Nor did we have the data to say it WAS necessary, but we sure as hell could predict most of the negative social and economic side effects easily. Causing profound developmental delays in an entire generation of children and lowering lifetime educational attainment for almost every single teenager was worth it though, I guess.
We had data from December 2019 until April 2020 showing that it spread quickly and can kill you.
We also had data that strong action can stop an outbreak (i.e. Aviation flu, Swine Flu, Ebola, etc). Sure when we took those actions early enough to curtail the outbreak it leads to people thinking the actions were useless (see Y2K debate) but it doesn't actually mean the actions were useless. People only notice when the dam collapses, not when it doesn't.
By March 2020 we had the Diamond Princess Data which established an upper bound of 1% case fatality rate (CFR) for COVID. We already knew then that it's definitely not the Spanish Flu (2.5 - 10% CFR), not Cholera (3%), not Smallpox (3%), not SARS (11%), not even Measles (1%-3%).

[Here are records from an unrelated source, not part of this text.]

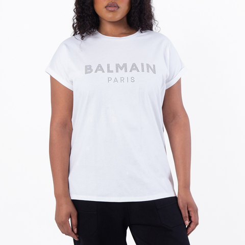 Balmain Ladies Tops. Fashion category: T-Shirts & Henleys. SKU: XF1EF010BB03-GAB. Color: Gab Blanc/Noir. Balmain Strass Logo Cotton T-Shirt. This cotton t-shirt features a classic crewneck and dolman sleeves, finished with a strass-embellished logo on the front for a subtle touch of sparkle. 100% Cotton. Made in Portugal.
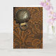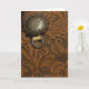 Customize the Brown Tooled Leather Horse Saddle Blank Greeting Card with your own personal message inside. This custom country and western theme note card features a close up digitally enhanced farm photograph of a brown equestrian saddle with an intricate tooled leather floral and leaf design.
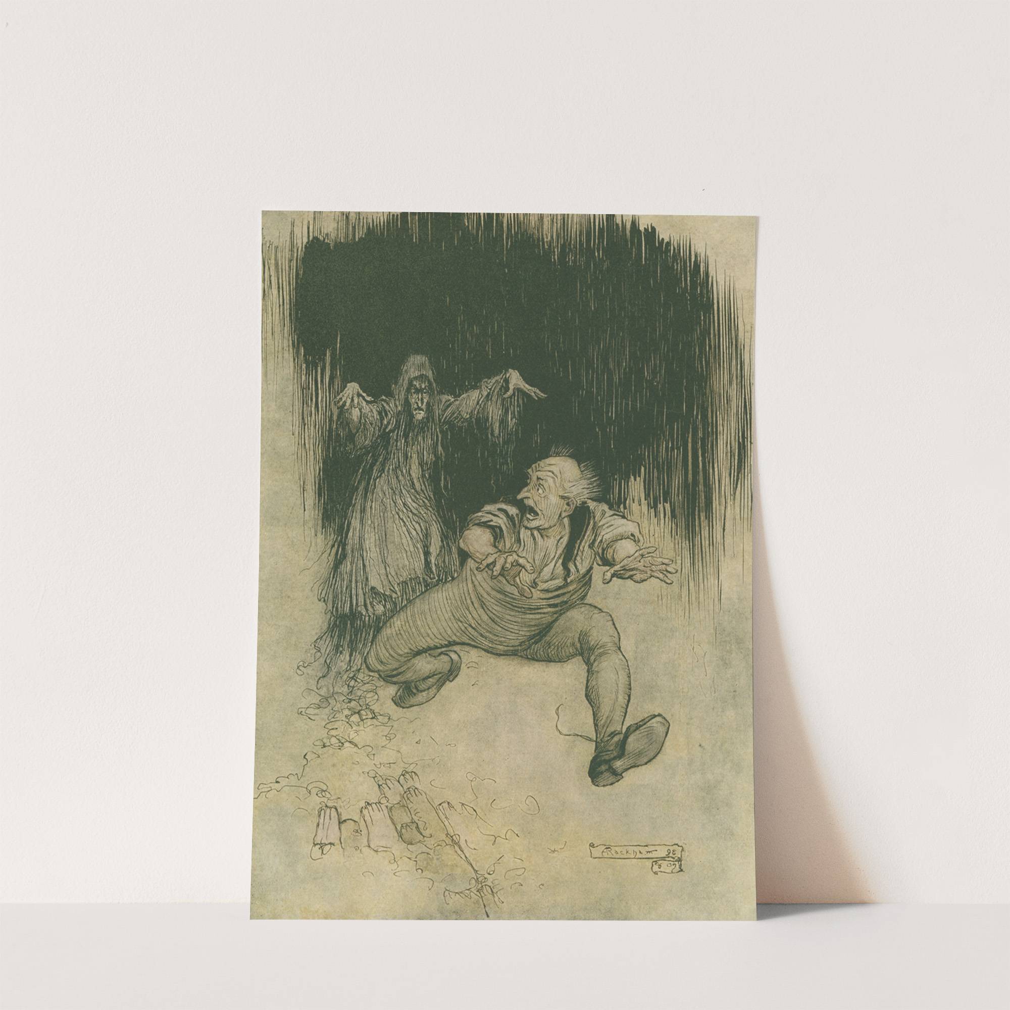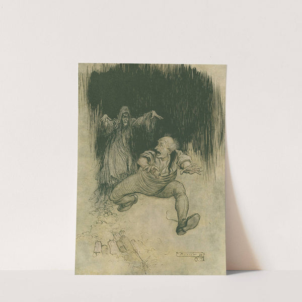 The moment her shadowy form met his view he…made one grasshopper spring to the door–and was gone! by Arthur Rackham - Wall Art Print

Not only did we never do anything like COVID measures for any of the diseases you mentioned but the WHO described the individual NPIs that would later make up the COVID "lockdowns" as "never recommended under any circumstances" in their 2019 flu pandemic recommendations.
What happened with COVID was an unprecedented overreaction by historical standards where we threw overboard everything we knew to try authoritarian gobbledygook on the back of the carefully cultivated FUD around COVID coming out of China.
The absolutely devastating economic and social effects were known, the possible effects of the disease both short and long-term were unknown. So we decided to go for the known devastating effects in case the disease was also devastating? That makes zero sense. And there were alternatives proposed to lockdowns like the Great Barrington Declaration that were not simply not considered, but were actively suppressed and smeared by government officials and their media lackeys.
“This proposal from the three fringe epidemiologists . . . seems to be getting a lot of attention – and even a co-signature from Nobel Prize winner Mike Leavitt at Stanford. There needs to be a quick and devastating published take down of its premises, is it underway?”
-NIH director Francis Collins in an email to Anthony Fauci about the Great Barrington Declaration
Great Barrington -> 4th of October. Are you even reading my comments? I am referring to the first lockdowns which took place in April 2020.
"So we decided to go for the known devastating effects in case the disease was also devastating?"
Of course we do in case of a pandemic, since we are dealing with a completely different underlying distribution of effects.